**WHAT THE EXERCISE ASKS:**
Restate each of the lines below word for word and drop every picture.

**DATA SECTION:**

* * * * * * *

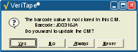 The bar code can be copied into the Cartridge Memory. If a bar code is already stored in the CM it is compared to the bar code label and a warning is displayed in case of a mismatch. |
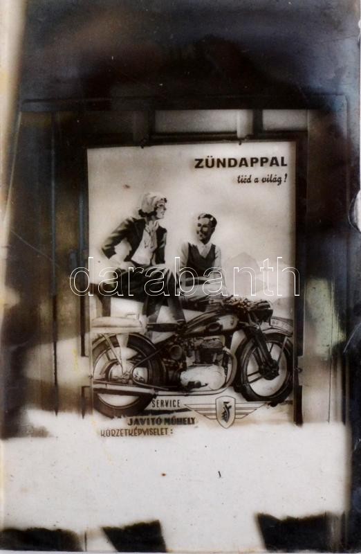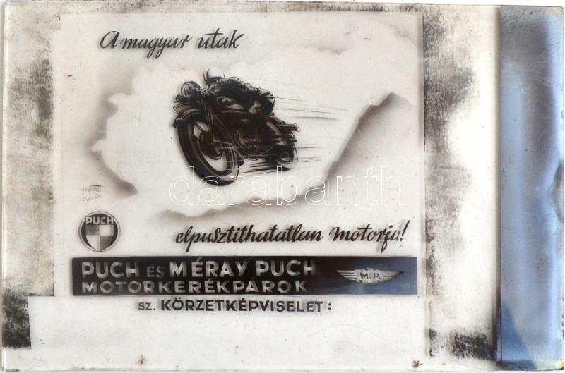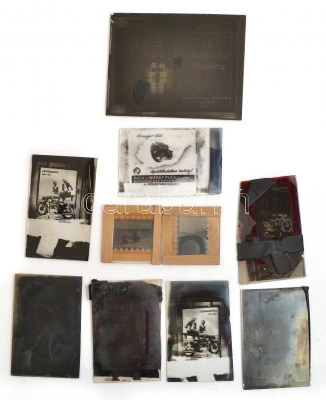 cca 1948 Motorok és motorosok, Fekete György (1904-1990) budapesti fényképész reklámgrafikái és felvételei, 10 db üveglemez negatív és/vagy diapozitív, 24x36 mm és 9x12 cm között
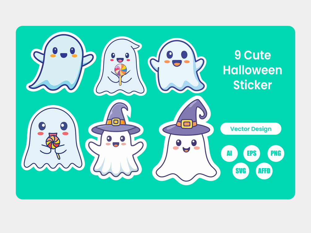 Add a playful, spooky touch to your designs with this unique set of 9 Halloween Ghost Stickers! Each sticker features a cute cartoon ghost accompanied by fun Halloween elements such as candies, witch hats, pumpkins, and trick-or-treat bags.

* * * * * * *

**ANSWER TO THIS EXERCISE:**
 The bar code can be copied into the Cartridge Memory. If a bar code is already stored in the CM it is compared to the bar code label and a warning is displayed in case of a mismatch. |
 cca 1948 Motorok és motorosok, Fekete György (1904-1990) budapesti fényképész reklámgrafikái és felvételei, 10 db üveglemez negatív és/vagy diapozitív, 24x36 mm és 9x12 cm között
 Add a playful, spooky touch to your designs with this unique set of 9 Halloween Ghost Stickers! Each sticker features a cute cartoon ghost accompanied by fun Halloween elements such as candies, witch hats, pumpkins, and trick-or-treat bags.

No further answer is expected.